The all-volunteer rescue team responded to the scene, assessed the situation, treated the wounded and organized relief efforts, prioritizing and managing the crisis amid the chaos.
“The whole intent of this is to overwhelm the team,” said Travis Baker, field team member who organized the training. “Usually, like last night, we have one subject and we had 10-12 rescuers that go out. But when there are situations like this scenario, with 18 subjects, the resources become very strained and we can't operate in a mode that we're used to operating in. It's important for us to train in that mode once in a while because stuff like this does happen.”
The simulation situation reflected very closely to the lightning strike that injured 16 people this summer at Mount Bierstadt. From 2005-14, Colorado was the third highest in the nation for lightning-caused fatalities, with 17 people killed by lightning.
“It's not that we're training for a lightning strike, it's that we're training for any scenario that involves enough victims to cause us to be overwhelmed,” Baker said.
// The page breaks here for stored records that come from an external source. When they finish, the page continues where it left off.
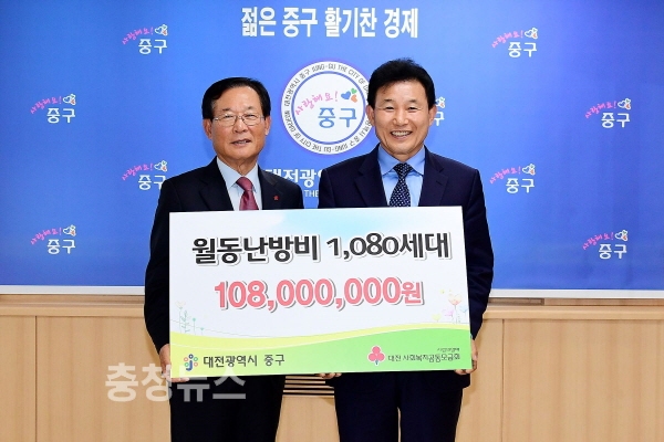대전 중구(구청장 박용갑)은 대전사회복지공동모금회(회장 안기호)로부터 1억 800만원의 월동 난방비와 한국가스공사 대전충청지역본부(본부장 오무진)에서 각각 1천만원의 성금을 기탁받았다고 밝혔다.
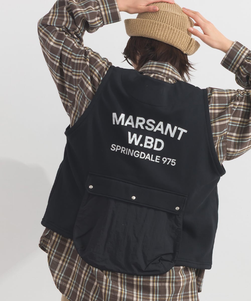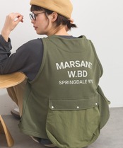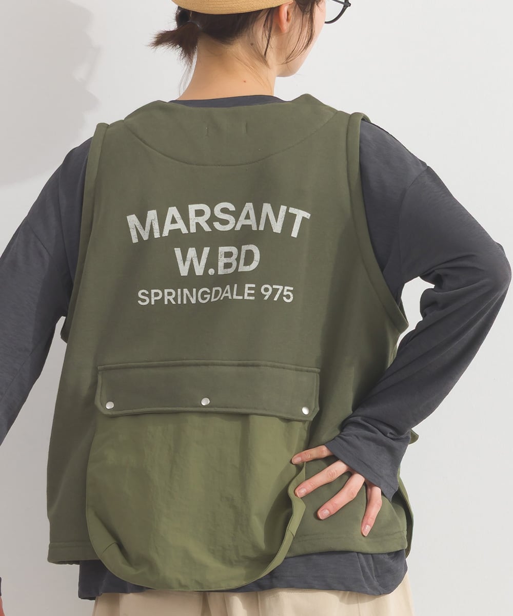 前後に施した大きめのワークポケットが印象的な、ミリタリーライクなデザインベスト。
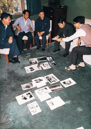 首都新闻摄影界与摄影艺术界1992年5月5日在北京召开纪念毛泽东《在延安文艺座谈会上的讲话》座谈会,会议主题是“继往开来,纪录时代”。著名摄影家罗光达(左二)、石少华(左三)、蒋齐生(左四)、吴印咸(左五)等出席会议并发表讲话。左一为山西省文联党组书记谷威。
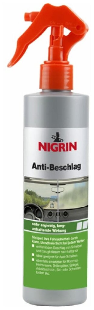 Clean glass surface, spray NIGRIN anti-fog on NIGRIN microfiber cloth, wipe glass surfaces, polish with dry NIGRIN microfiber cloth; repeat application every 4-6 weeks
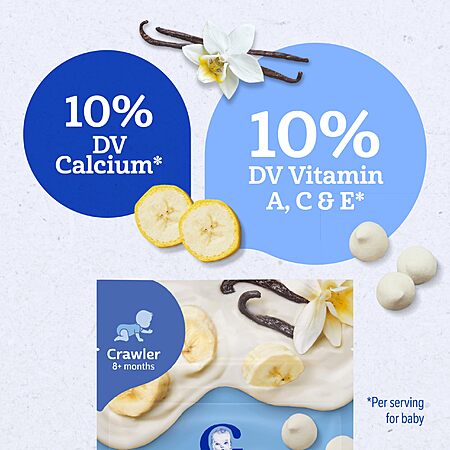 • Baby yogurt snacks contain live and active cultures and are a good source of vitamins A, C and E
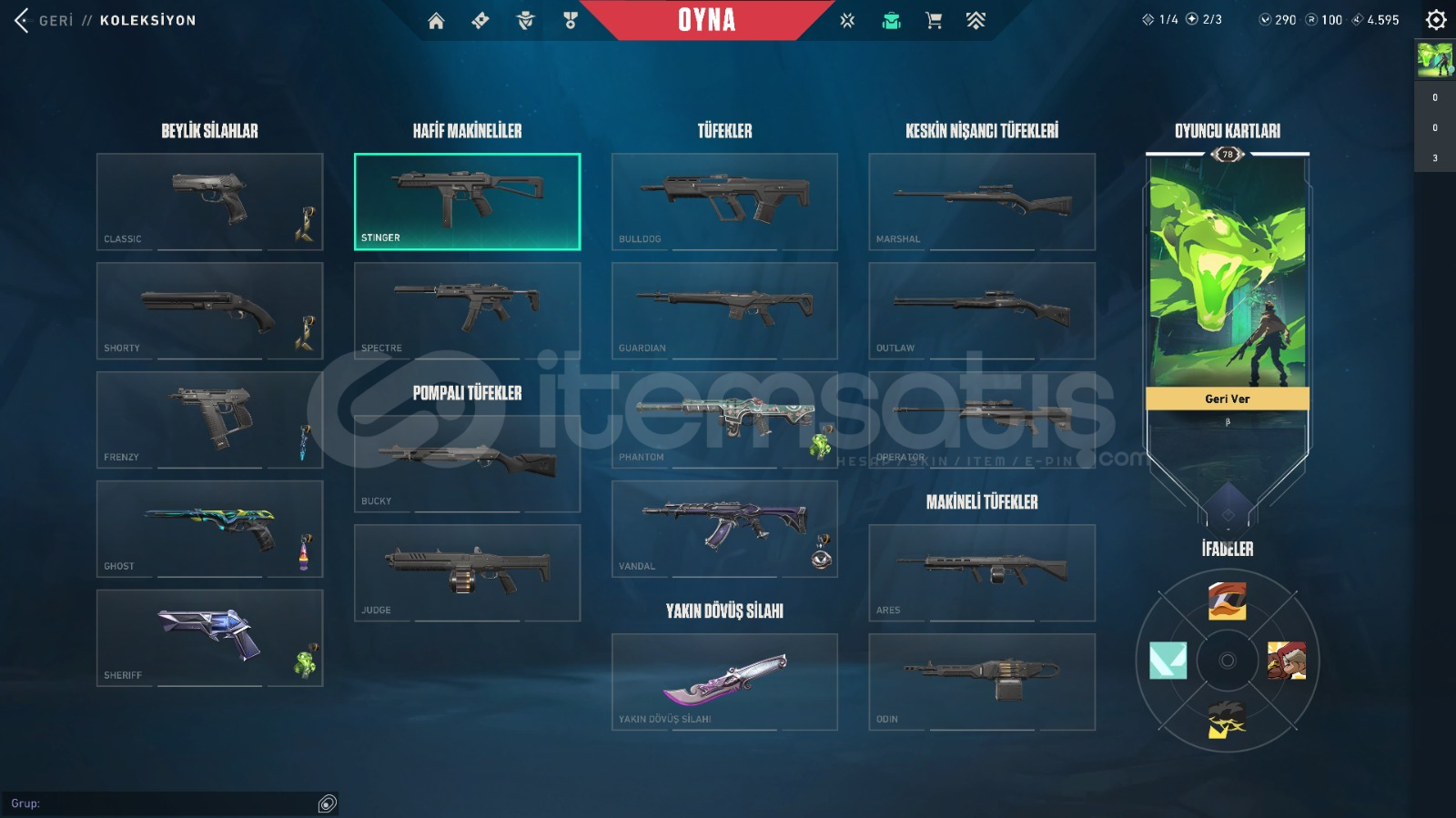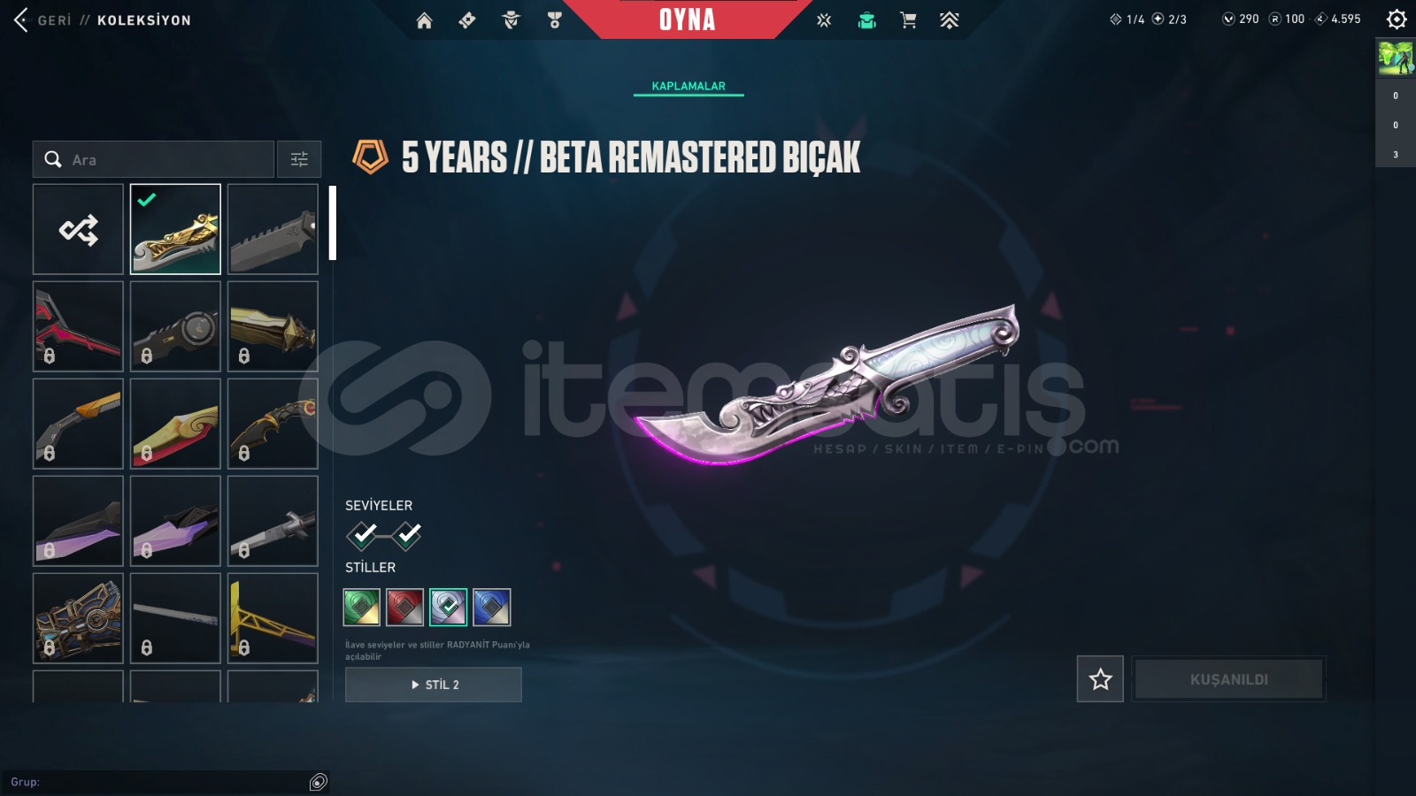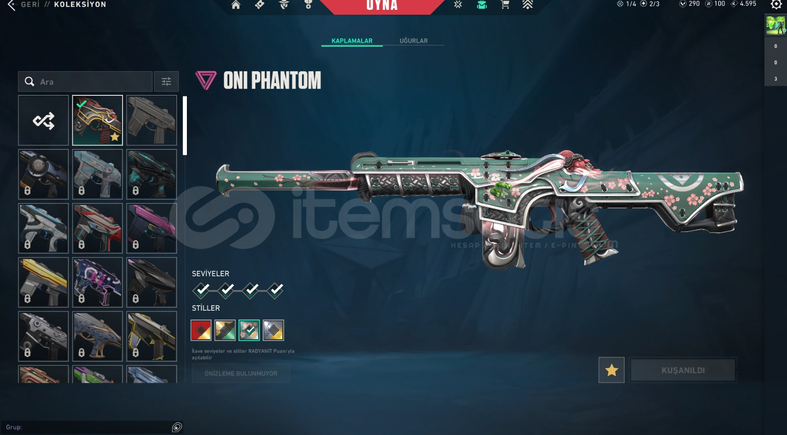 ⭐️Hesapta yağmacı vandal, oni phantom, beta bıçağı ve 2 adet battle pass skini bulunmaktadır.

Douglas County Search and Rescue is a nonprofit, all volunteer team dedicated to providing search, rescue and emergency response to the citizens of Douglas County. It was formed in September of 1998 and deployed on its first mission Feb. 10, 1999, when two dirt bike riders were missing in Rampart Range. The missing bikers were located cold, but alive, in near-blizzard conditions by team members.
Bill Clendenning, who has been a team member since the unit was formed in 1998, said that the Castlewood Canyon scenario was unique because of the number of casualties required the rescue team to problem solve how to get the mass of people down from atop the canyon.
“We never know what's going to happen and the more experience the team has, the better equipped we are to deal with any incident that comes up,” Clendenning said. “If we do come up with a mass casualty, we've experienced that. If we come up with something less, we can put that knowledge and training into play.”